Mike Luis Rios, 41, was arrested Thursday on suspicion of attempted murder and witness intimidation in connection with an alleged attack in the 27500 block of Palm Shadow Drive.
According to Riverside County sheriff’s Sgt. Walter Mendez, deputies were summoned to Rios’ property around 2:20 a.m. Monday to investigate reports of shots fired.
Rios told investigators that he had been followed home by two men with whom he had argued at a nightclub earlier in the evening, leading to another exchange outside his residence, Mendez said.
“During the confrontation, Mr. Rios alleged one of the male subjects brandished a weapon and fired at him,” the sergeant said. “The suspects fled the area in a compact vehicle.”
He said deputies couldn’t locate the alleged assailants during a search, but during a follow-up investigation, detectives found the men and questioned them and other witnesses, whose stories contradicted Rios’ account.
After interviewing the Moreno Valley man a second time, detectives determined there was sufficient evidence to arrest him, according to Mendez.
Rios is being held in lieu of $1 million bail at the Robert Presley Detention Center in Riverside.
He was elected to the Moreno Valley Unified School District Board of Trustees in November 2010, campaigning as “the people’s candidate” and receiving the most votes in an eight-way race.
School board officials are expected to discuss their colleague’s arrest and what to do about his absence in closed session before Tuesday’s public meeting.
Rios gained attention in July 2010 when he claimed he was a member of the city council and purported to represent the city in statements to the media immediately after the abduction and murder of 17-year-old Norma Angelica Lopez.
More recently, Rios went public about an ongoing legal dispute with federal officials over his wife’s immigration status.
Dora Landaverde-Torres, 39, was arrested in September by Immigration and Customs Enforcement agents during Operation Cross Check, which involved a series of sweeps nationwide to nab illegal migrants with criminal records. Nearly 3,000 people were taken into custody.

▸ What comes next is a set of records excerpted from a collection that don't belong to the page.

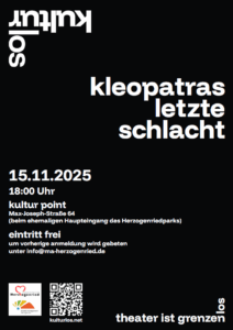 Die Theatergruppe „kulturlos“ gibt uns die Ehre, das Vier-Personenstück „Kleopatras letzte Schlacht“ im KulturPoint aufzuführen.
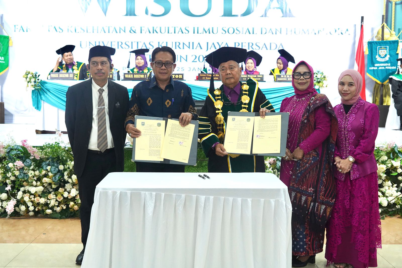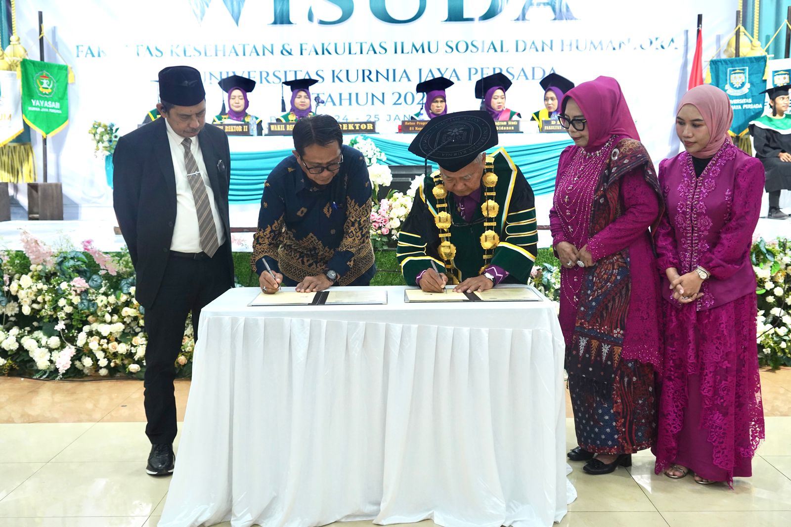 Penandatanganan tersebut dilakukan oleh Bupati Luwu Timur diwakili Pj. Sekretaris Daerah, Dr. Ramadhan Pirade bersama Rektor Universitas KJP, Prof. drg. Mansjur Nasir, Ph.D, Sp. Ort., yang dilaksanakan dalam rangkaian Sidang Senat Terbuka Wisuda Fakultas Kesehatan serta Fakultas Ilmu Sosial dan Humaniora Universitas Kurnia Jaya Persada, di Aula UKJP, Kota Palopo, Sabtu (24/01/2026).
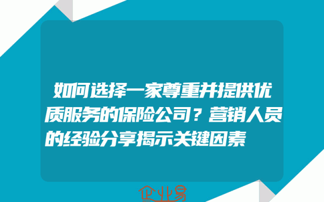 - 如何选择一家尊重并提供优质服务的保险公司?营销人员的经验分享揭示关键因素

According to ICE spokeswoman Virginia Kice, the El Salvadoran native was arrested based on a felony drug conviction in the late 1990s.
According to reports, Landaverde-Torres was jailed for nine months in Orange County after being convicted of transporting marijuana for sale.
She and Rios have two small children.
Lawyers for Landaverde-Torres were challenging the government’s deportation order.
Kice couldn’t confirm whether the woman was still in federal custody.